The main contributions of this paper can be concluded as follows:

• Propose a novel algorithm to determine the boundaries between clusters in overlapping regions, where elements near the cluster edges are at a higher risk of being misclustered due to ambiguity in their cluster memberships;

• An active learning-based boundary adjustment process to refine cluster memberships and centroids using expert feedback;

• Propose a novel algorithm model, “Active Semi-Supervised Fuzzy Clustering Based on Clusters Boundary” (ASSFBC) that combines active learning and semi-supervised fuzzy clustering to improve the performance of clustering algorithms, especially in cases where data has many noise points at the cluster boundaries;

• Suggest an algorithm that generates synthetic 2D datasets with adjustable cluster overlap, enabling controlled evaluation of clustering algorithms in challenging scenarios. It provides a systematic way to test robustness and performance under varying levels of ambiguity in cluster boundaries.

• Prove the effectiveness of the proposed algorithm compared to other methods through experiments on data types, including UCI, manually generated data, and satellite image data. The results show that ASSFBC achieves better performance than existing related algorithms.

The paper is structured as follows: Section 2 overviews the basic concepts used in researching and developing the proposed model; Section 3 describes the construction of a fuzzy semi-supervised clustering model based on active learning; Section 4 presents experimental results validating the proposed model; and the final section provides conclusions and recommendations. This new approach actively corrects the dependencies of boundary elements to improve clustering accuracy by first identifying the boundary regions using fuzzy semi-supervised clustering and then applying active learning to refine these boundaries. For detailed information, refer to the sections in the document where the main contributions are described and explained in context.

2 The Proposed Active Semi-Supervised Fuzzy Clustering Method

2.1 Main Ideas

The proposed method starts with clustering the data using the Fuzzy C-means (FCM) algorithm. This step groups the data points into clusters but also identifies overlapping regions between clusters. These regions are characterized by data points that are not confidently assigned to a specific cluster, indicating potential misclassifications. The next step involves applying active learning techniques to these overlapping regions. By selectively querying an expert or an oracle about the true class of these ambiguous data points, the algorithm can adjust their cluster memberships, thereby improving the overall clustering quality.

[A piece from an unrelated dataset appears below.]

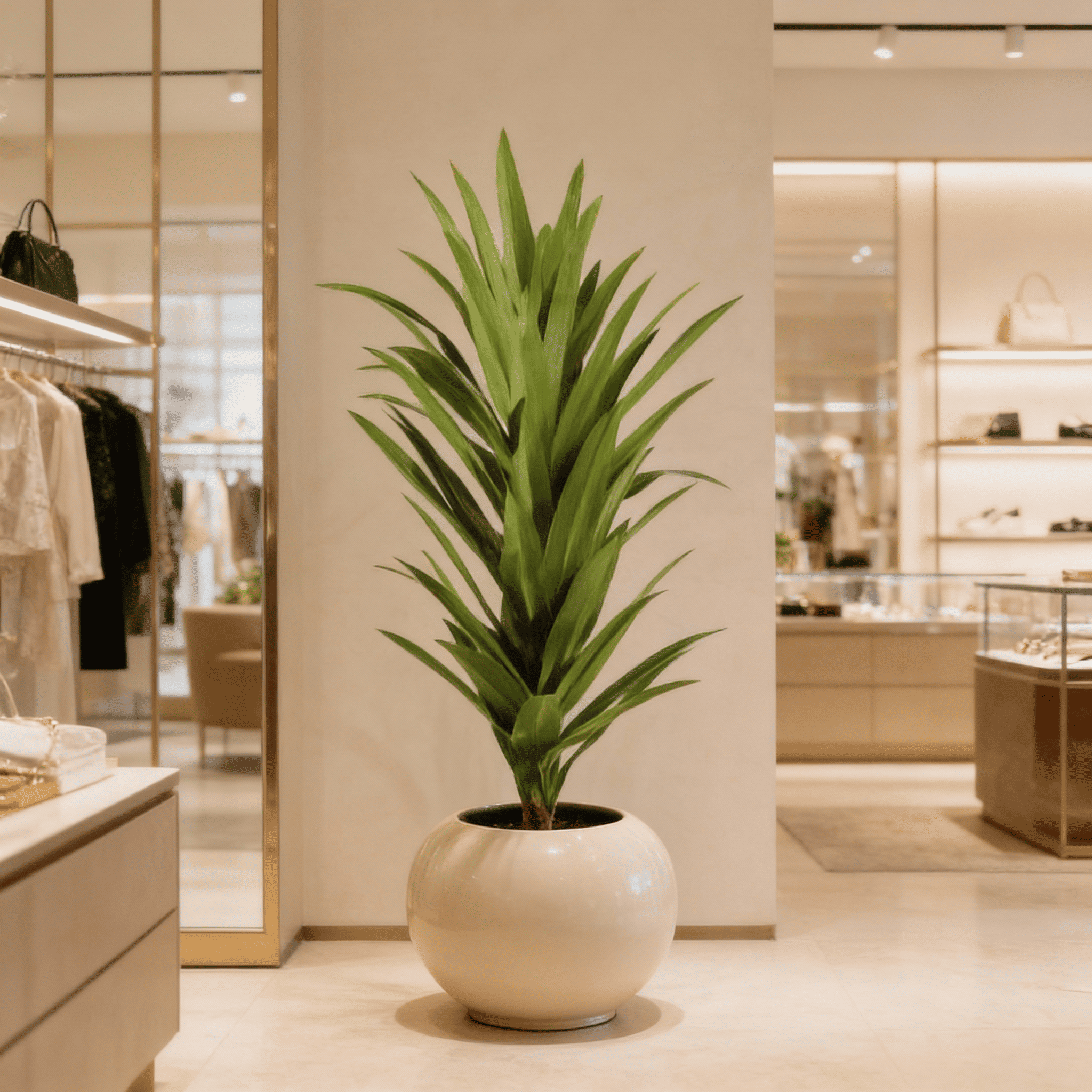 Su estructura resistente garantiza estabilidad y durabilidad, permitiendo su uso tanto en interiores como en exteriores. Libre de mantenimiento, la yuca artificial es una solución estética y práctica para oficinas, hoteles, comercios y proyectos contract que buscan vegetación decorativa de alta calidad sin los cuidados asociados a plantas naturales.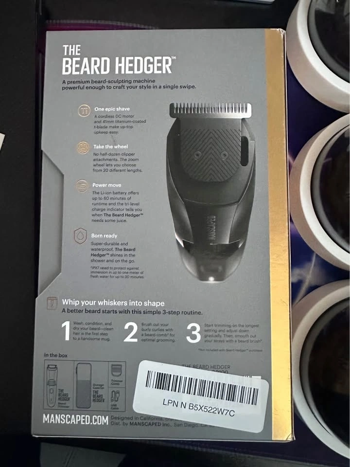 Brand new with box. This is a precision beard trimmer. Comes with an AC adapter, USB-C cable, length-setting comb attachment, and a hard-shell, water-resistant travel case. Cordless for precision facial hair grooming.

In the subsequent phase, the centroids of the overlapping regions and the data points adjusted through active learning are utilized to refine the clustering process. A new clustering algorithm is developed with the objective of moving the cluster centroids closer to the centroids of the overlapping regions. This reduces the size of the boundary regions between clusters and improves the compactness and separation of the clusters.

For example, after performing FCM clustering, we have three clusters, 1, 2, and 3, corresponding to centroids C1, C2 and C3. We can also identify the boundary centroids C12, C13 and C23 between these clusters. After applying our proposed clustering model, we expect to obtain new cluster centroids C1′, C2′, and C3′, as well as new boundary centroids C12′, C13′ and C23′. These adjusted centroids should be closer, with the boundaries narrowed, thereby enhancing the quality of the clustering results. Based on these main ideas, we can draw a diagram to illustrate the proposed method, as shown in Fig. 2.

images

Figure 2: Active semi-supervised fuzzy clustering based on clusters boundary model

The Fig. 2 illustrates the complete workflow of the proposed clustering method, beginning with FCM clustering and progressing through boundary analysis and active label querying.

2.2 Principle of the Method

The Active Semi-Supervised Fuzzy Clustering Based on Clusters Boundary (ASSFBC) method introduces an objective function that integrates fuzzy clustering, semi-supervised fuzzy clustering, and boundary correction. The process begins with Initial Clustering (Fuzzy Part), where Fuzzy C-Means (FCM) clustering is performed on the dataset to obtain initial cluster centroids and membership values. The primary objective at this stage is to minimize the distance between data points and their respective cluster centroids, establishing a foundational clustering structure.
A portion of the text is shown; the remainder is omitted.